(Saved data entries)
---*---

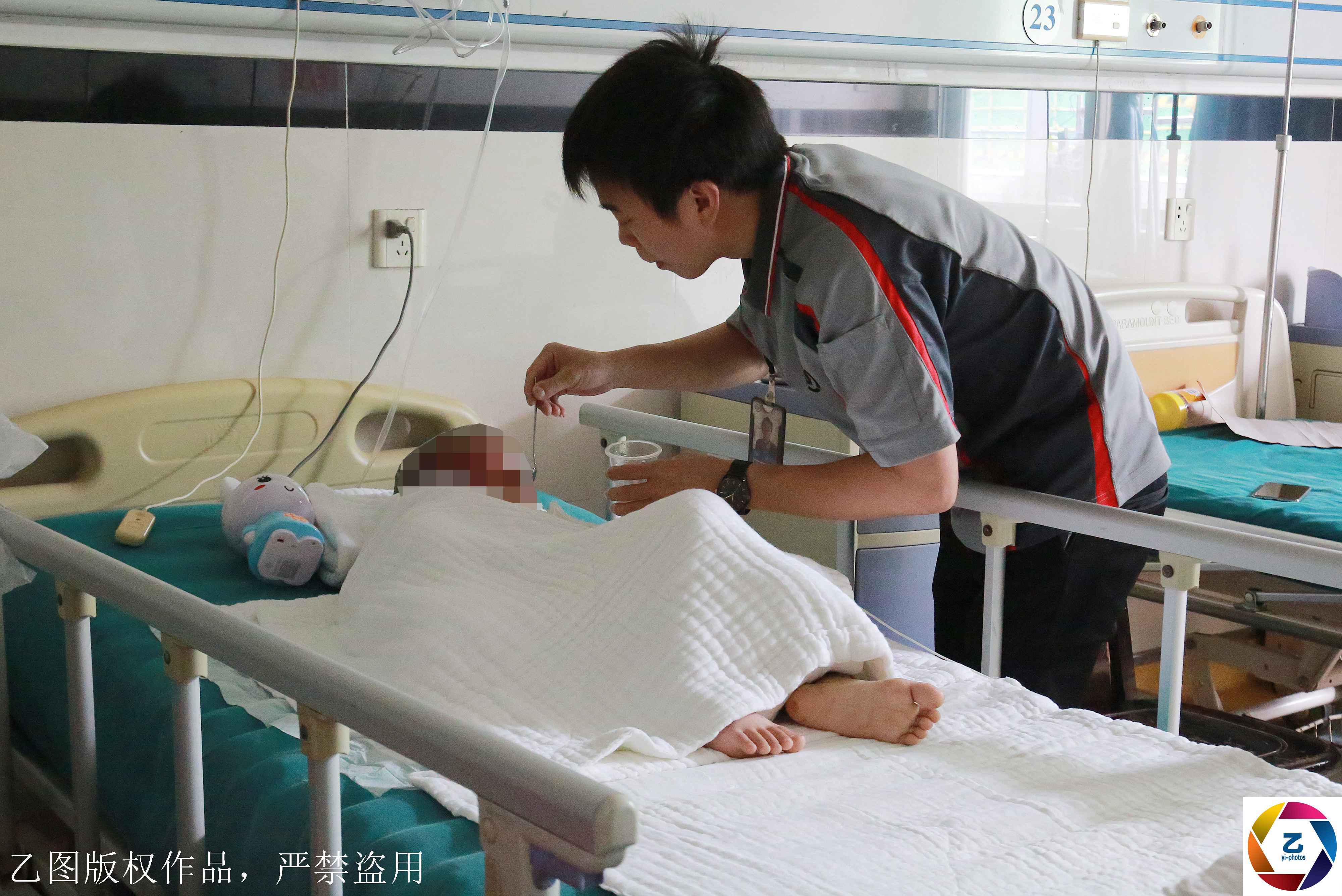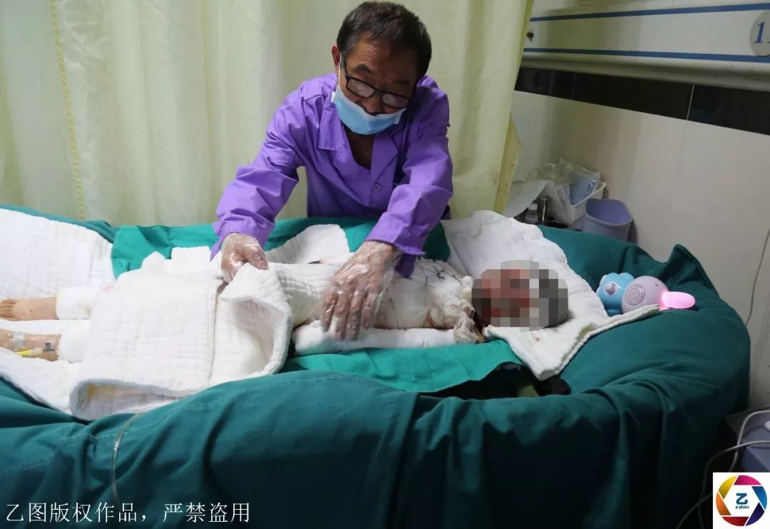 經(jīng)過搶救,小俊逸幸運(yùn)活了下來。據(jù)悉,小俊逸在爆炸中重度燒傷,深二度達(dá)9%,深三度達(dá)40%。醫(yī)生說孩子的雙手無法保住,但是馬上截肢孩子會(huì)有生命危險(xiǎn),需要先治療一段時(shí)間后再做手術(shù)。清醒之后的小俊逸不時(shí)痛苦地呻吟,他還不知道,爸爸和哥哥已經(jīng)永遠(yuǎn)離開了他。圖為護(hù)工在照顧躺在病床上的小俊逸。
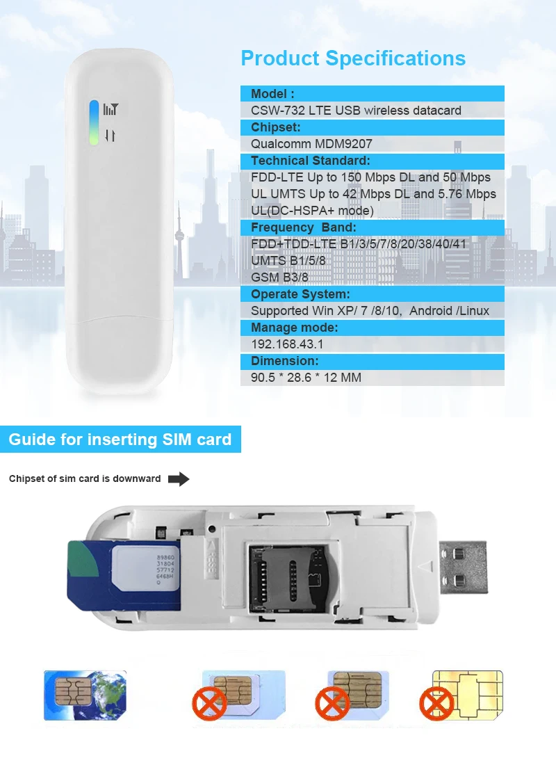 CSW-732 донгл-это не только модем 4G, он может работать как маршрутизатор WiFi, его функция очень похожа на Модем wifi Huawei 3372/8372. При подключении к адаптеру питания или мобильному питанию. Он может передавать сигнал Wi-Fi и позволяет безопасно подключать до 5 устройств, включая планшеты, компьютеры, мобильные телефоны и игровые устройства, В мобильную сеть 4G или при перемещении через Wi-Fi и 1 через интерфейс USB. Фактическая поддержка Wi-Fi составляет 802,11 b/g/n, до 10 устройств.
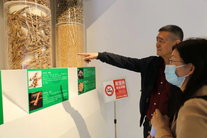 靳曉明博士在安發(fā)科技文化館食用菌展示柜前
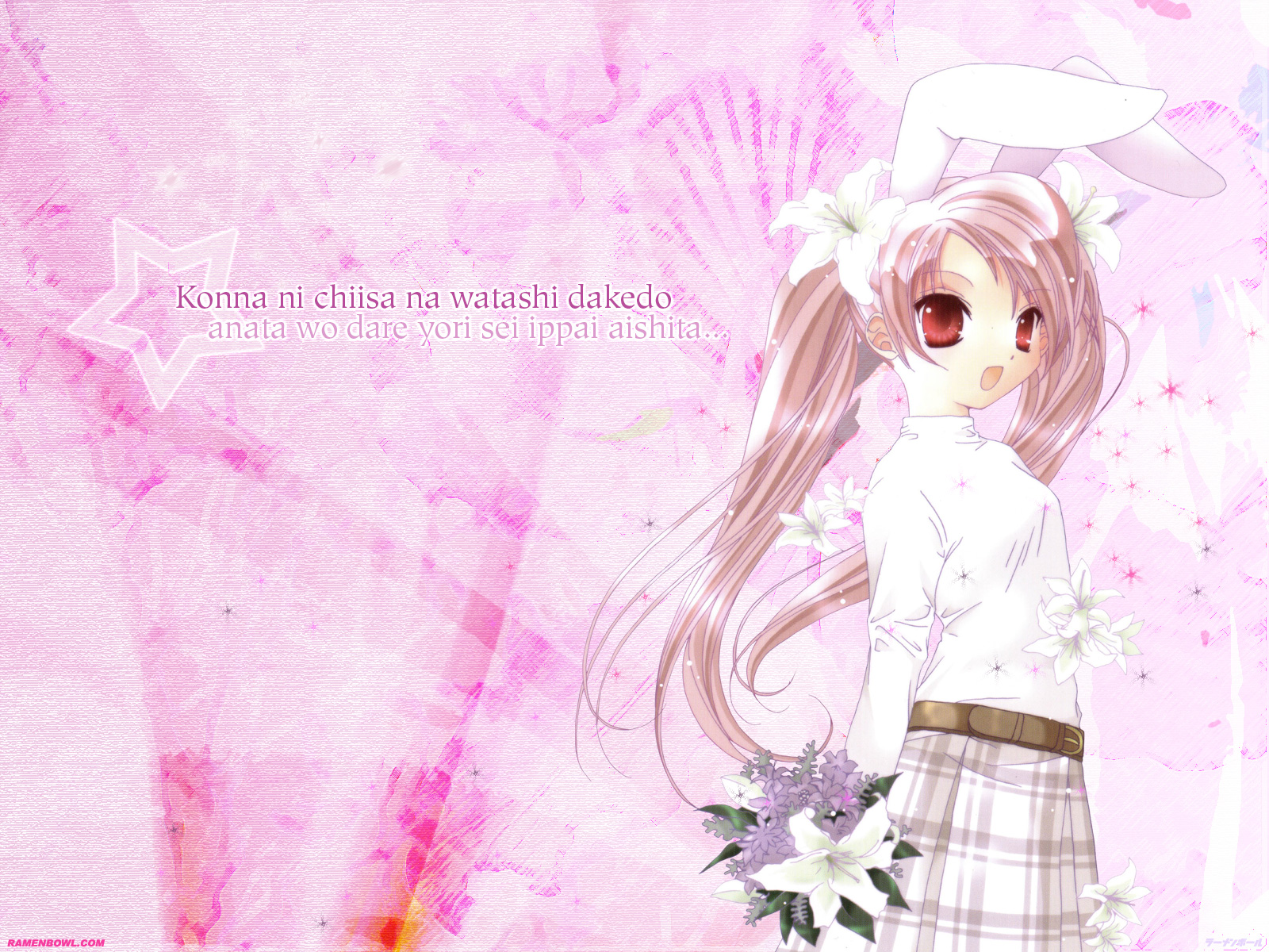 Description: A girl with long hair and a flower in her hair is standing in front of a pink background with a quote.
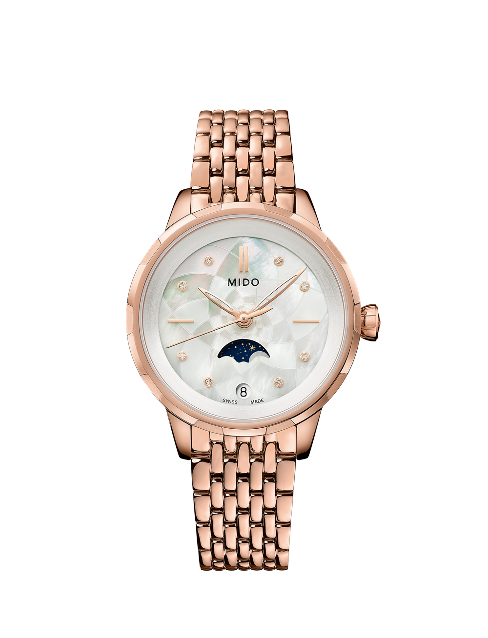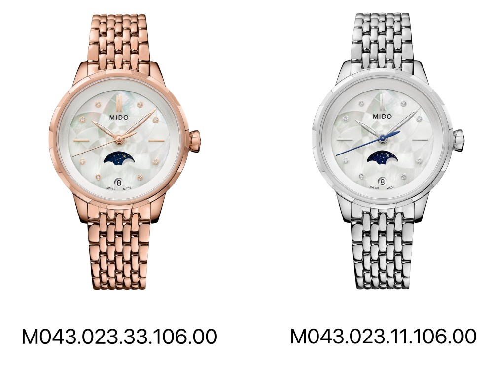 表盘 白色珍珠贝母表盘,PVD镀玫瑰金不锈钢刻度,8颗真钻作为刻度装饰,日期窗及月相指示器位于6点钟位置。

---*---

- **WORK ORDER**
Repeat, exactly and only, the lines from the one containing "靳曉明博士在安發(fā)科技文化館食用菌展示柜前" through the final line of the data, both ends included, leaving out any picture.

- **RESULT FOR THIS EXERCISE**
 靳曉明博士在安發(fā)科技文化館食用菌展示柜前
 Description: A girl with long hair and a flower in her hair is standing in front of a pink background with a quote.
 表盘 白色珍珠贝母表盘,PVD镀玫瑰金不锈钢刻度,8颗真钻作为刻度装饰,日期窗及月相指示器位于6点钟位置。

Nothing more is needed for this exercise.